**Task to carry out:** Wherever a picture appears, skip it and retype the rest of the data exactly.

------------------------------------

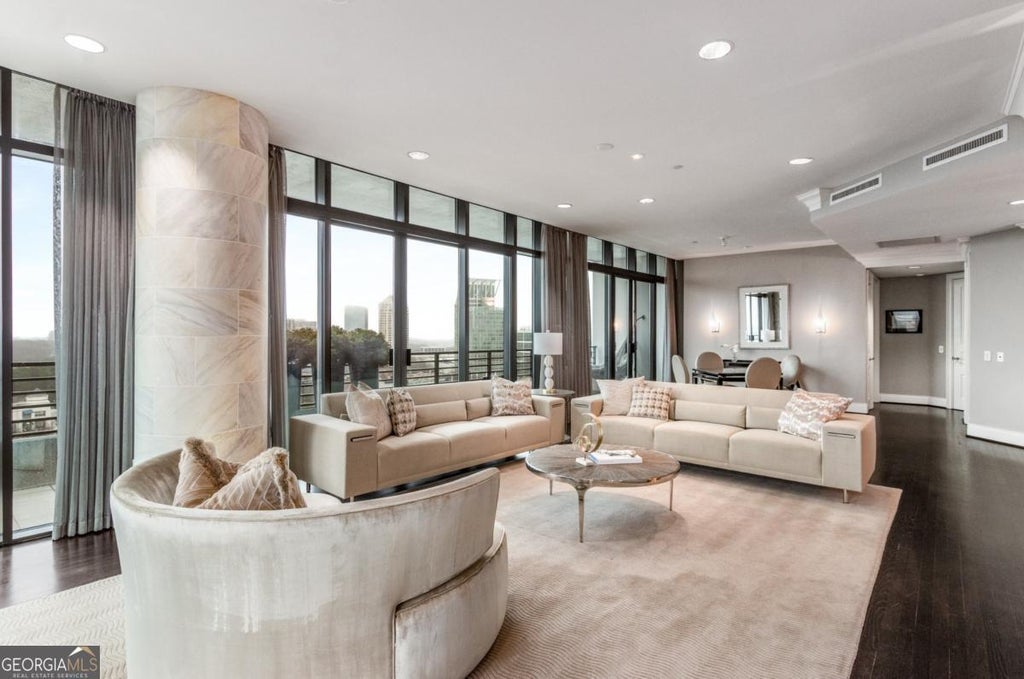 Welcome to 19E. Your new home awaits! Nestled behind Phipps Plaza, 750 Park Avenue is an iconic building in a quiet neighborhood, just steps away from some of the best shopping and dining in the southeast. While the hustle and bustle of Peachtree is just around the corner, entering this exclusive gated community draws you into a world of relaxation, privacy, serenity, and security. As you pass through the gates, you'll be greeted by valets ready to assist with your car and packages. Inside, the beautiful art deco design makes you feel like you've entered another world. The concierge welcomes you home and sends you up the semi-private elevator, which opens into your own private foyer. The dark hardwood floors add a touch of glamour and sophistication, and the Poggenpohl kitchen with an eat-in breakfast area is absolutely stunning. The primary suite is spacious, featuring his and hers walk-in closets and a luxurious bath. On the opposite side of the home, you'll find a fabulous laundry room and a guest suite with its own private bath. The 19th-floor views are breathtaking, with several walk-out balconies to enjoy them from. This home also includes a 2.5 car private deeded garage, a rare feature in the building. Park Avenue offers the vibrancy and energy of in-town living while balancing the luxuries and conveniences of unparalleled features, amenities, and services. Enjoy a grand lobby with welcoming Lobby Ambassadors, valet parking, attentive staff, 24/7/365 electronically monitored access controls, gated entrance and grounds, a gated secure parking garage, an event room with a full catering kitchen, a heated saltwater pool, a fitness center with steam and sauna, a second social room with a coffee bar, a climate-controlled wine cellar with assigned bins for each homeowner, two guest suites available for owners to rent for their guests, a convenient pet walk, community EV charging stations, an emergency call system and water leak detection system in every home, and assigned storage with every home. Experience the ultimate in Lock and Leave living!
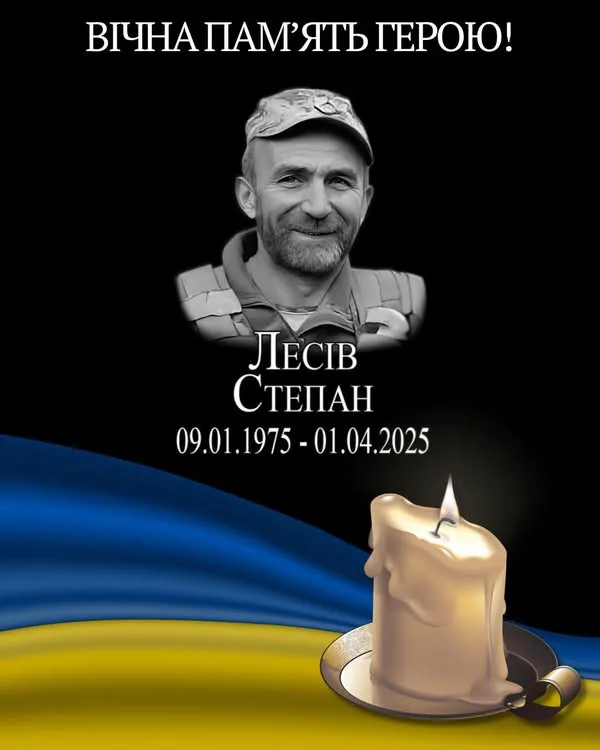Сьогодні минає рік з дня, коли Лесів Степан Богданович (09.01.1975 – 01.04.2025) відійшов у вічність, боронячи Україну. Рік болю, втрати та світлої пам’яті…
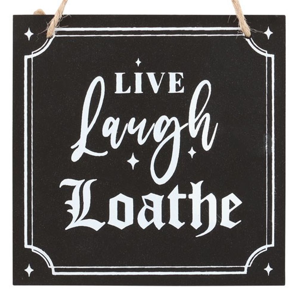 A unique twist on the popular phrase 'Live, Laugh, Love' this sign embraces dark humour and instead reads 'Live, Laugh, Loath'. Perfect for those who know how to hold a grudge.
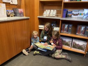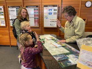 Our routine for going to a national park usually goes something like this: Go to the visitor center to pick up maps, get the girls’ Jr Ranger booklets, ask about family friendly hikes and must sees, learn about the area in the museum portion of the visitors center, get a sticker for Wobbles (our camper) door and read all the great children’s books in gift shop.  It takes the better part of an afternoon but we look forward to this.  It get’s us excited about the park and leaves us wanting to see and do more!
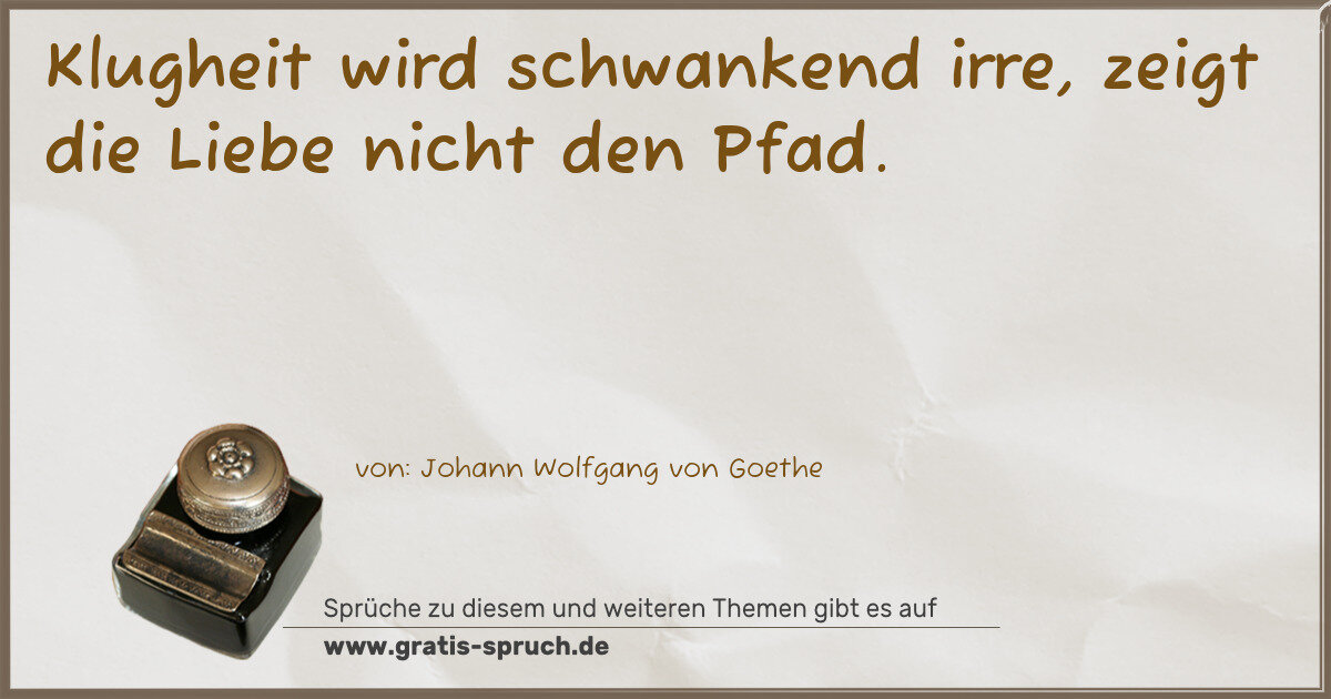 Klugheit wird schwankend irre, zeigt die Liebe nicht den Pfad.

------------------------------------

**Exercise answer:**
 Welcome to 19E. Your new home awaits! Nestled behind Phipps Plaza, 750 Park Avenue is an iconic building in a quiet neighborhood, just steps away from some of the best shopping and dining in the southeast. While the hustle and bustle of Peachtree is just around the corner, entering this exclusive gated community draws you into a world of relaxation, privacy, serenity, and security. As you pass through the gates, you'll be greeted by valets ready to assist with your car and packages. Inside, the beautiful art deco design makes you feel like you've entered another world. The concierge welcomes you home and sends you up the semi-private elevator, which opens into your own private foyer. The dark hardwood floors add a touch of glamour and sophistication, and the Poggenpohl kitchen with an eat-in breakfast area is absolutely stunning. The primary suite is spacious, featuring his and hers walk-in closets and a luxurious bath. On the opposite side of the home, you'll find a fabulous laundry room and a guest suite with its own private bath. The 19th-floor views are breathtaking, with several walk-out balconies to enjoy them from. This home also includes a 2.5 car private deeded garage, a rare feature in the building. Park Avenue offers the vibrancy and energy of in-town living while balancing the luxuries and conveniences of unparalleled features, amenities, and services. Enjoy a grand lobby with welcoming Lobby Ambassadors, valet parking, attentive staff, 24/7/365 electronically monitored access controls, gated entrance and grounds, a gated secure parking garage, an event room with a full catering kitchen, a heated saltwater pool, a fitness center with steam and sauna, a second social room with a coffee bar, a climate-controlled wine cellar with assigned bins for each homeowner, two guest suites available for owners to rent for their guests, a convenient pet walk, community EV charging stations, an emergency call system and water leak detection system in every home, and assigned storage with every home. Experience the ultimate in Lock and Leave living!
Сьогодні минає рік з дня, коли Лесів Степан Богданович (09.01.1975 – 01.04.2025) відійшов у вічність, боронячи Україну. Рік болю, втрати та світлої пам’яті…
 A unique twist on the popular phrase 'Live, Laugh, Love' this sign embraces dark humour and instead reads 'Live, Laugh, Loath'. Perfect for those who know how to hold a grudge.
 Our routine for going to a national park usually goes something like this: Go to the visitor center to pick up maps, get the girls’ Jr Ranger booklets, ask about family friendly hikes and must sees, learn about the area in the museum portion of the visitors center, get a sticker for Wobbles (our camper) door and read all the great children’s books in gift shop.  It takes the better part of an afternoon but we look forward to this.  It get’s us excited about the park and leaves us wanting to see and do more!
 Klugheit wird schwankend irre, zeigt die Liebe nicht den Pfad.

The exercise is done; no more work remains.